In contrast, the transition from "3-dim Euclidean" to "Euclidean" is not forgetful; a Euclidean space need not be 3-dimensional, but if it happens to be 3-dimensional, it is full-fledged, no structure is lost. In other words, the latter transition is injective (one-to-one), while the former transition is not injective (many-to-one). We denote injective transitions by an arrow with a barbed tail, "↣" rather than "→".


Both transitions are not surjective, that is, not every B-space results from some A-space. First, a 3-dim Euclidean space is a special (not general) case of a Euclidean space. Second, a topology of a Euclidean space is a special case of topology (for instance, it must be non-compact, and connected, etc). We denote surjective transitions by a two-headed arrow, "↠" rather than "→". See for example Fig. 4; there, the arrow from "real linear topological" to "real linear" is two-headed, since every real linear space admits some (at least one) topology compatible with its linear structure.


Such topology is non-unique in general, but unique when the real linear space is finite-dimensional. For these spaces the transition is both injective and surjective, that is, bijective; see the arrow from "finite-dim real linear topological" to "finite-dim real linear" on Fig. 4. The inverse transition exists (and could be shown by a second, backward arrow). The two species of structures are thus equivalent. In practice, one makes no distinction between equivalent species of structures.^[10] Equivalent structures may be treated as a single structure, as shown by a large box on Fig. 4.

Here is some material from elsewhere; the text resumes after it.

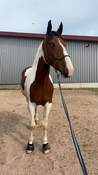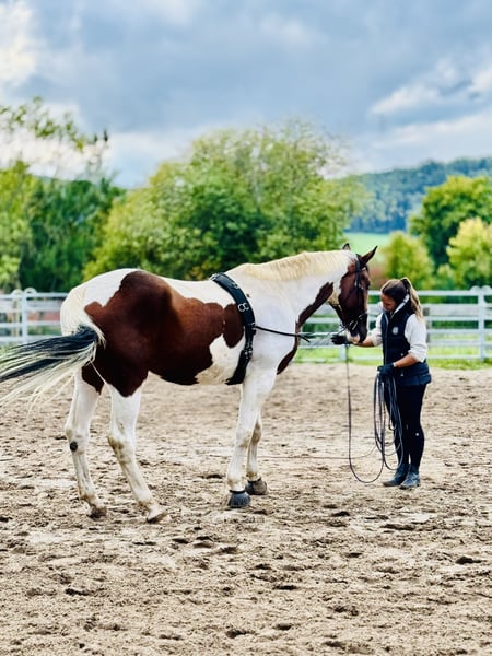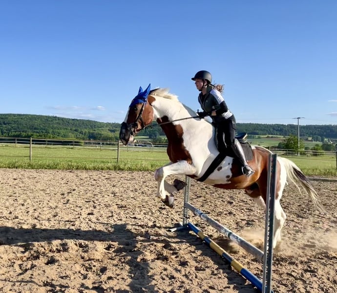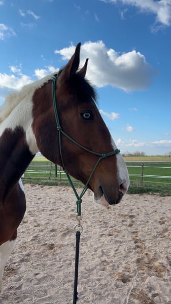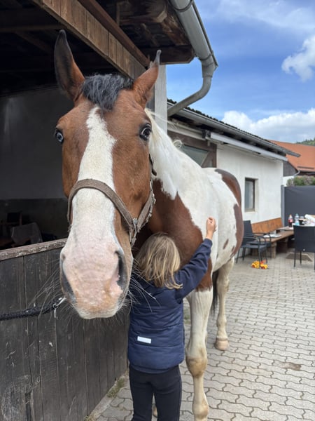 Justy is a true gem – a large-framed, good-natured gelding with a wonderful character. Despite his impressive size, he is always friendly, uncomplicated, and pleasant to handle – a gentle giant, just as one would wish for. He is suitable for both the ambitious leisure rider and dressage enthusiast, but he also enjoys jumping from time to time. Out on the trails, Justy is reliable, whether alone or in a group – he is always well-behaved and calm. 🔹 Breed: Bavarian Warmblood 🔹 Age: 6 years (born 05/2018) 🔹 Gender: Gelding 🔹 Height: approximately 178 cm 🔹 Use: Dressage, leisure, trails 🔹 Character: well-behaved, people-oriented, strong nerves 🔹 Medical report available – no restrictions, details can be discussed personally Justy brings not only size but also heart and intelligence. He is looking for a loving home with someone who appreciates his value. Trial rides are possible for a fee of 30 euros (which will be deducted from the purchase price).

The transitions denoted by the arrows obey isomorphisms. That is, two isomorphic A-spaces lead to two isomorphic B-spaces.


The diagram on Fig. 4 is commutative. That is, all directed paths in the diagram with the same start and endpoints lead to the same result. Other diagrams below are also commutative, except for dashed arrows on Fig. 9. The arrow from "topological" to "measurable" is dashed for the reason explained there: "In order to turn a topological space into a measurable space one endows it with a σ-algebra. The σ-algebra of Borel sets is the most popular, but not the only choice." A solid arrow denotes a prevalent, so-called "canonical" transition that suggests itself naturally and is widely used, often implicitly, by default. For example, speaking about a continuous function on a Euclidean space, one need not specify its topology explicitly. In fact, alternative topologies exist and are used sometimes, for example, the fine topology; but these are always specified explicitly, since they are much less notable that the prevalent topology. A dashed arrow indicates that several transitions are in use and no one is quite prevalent.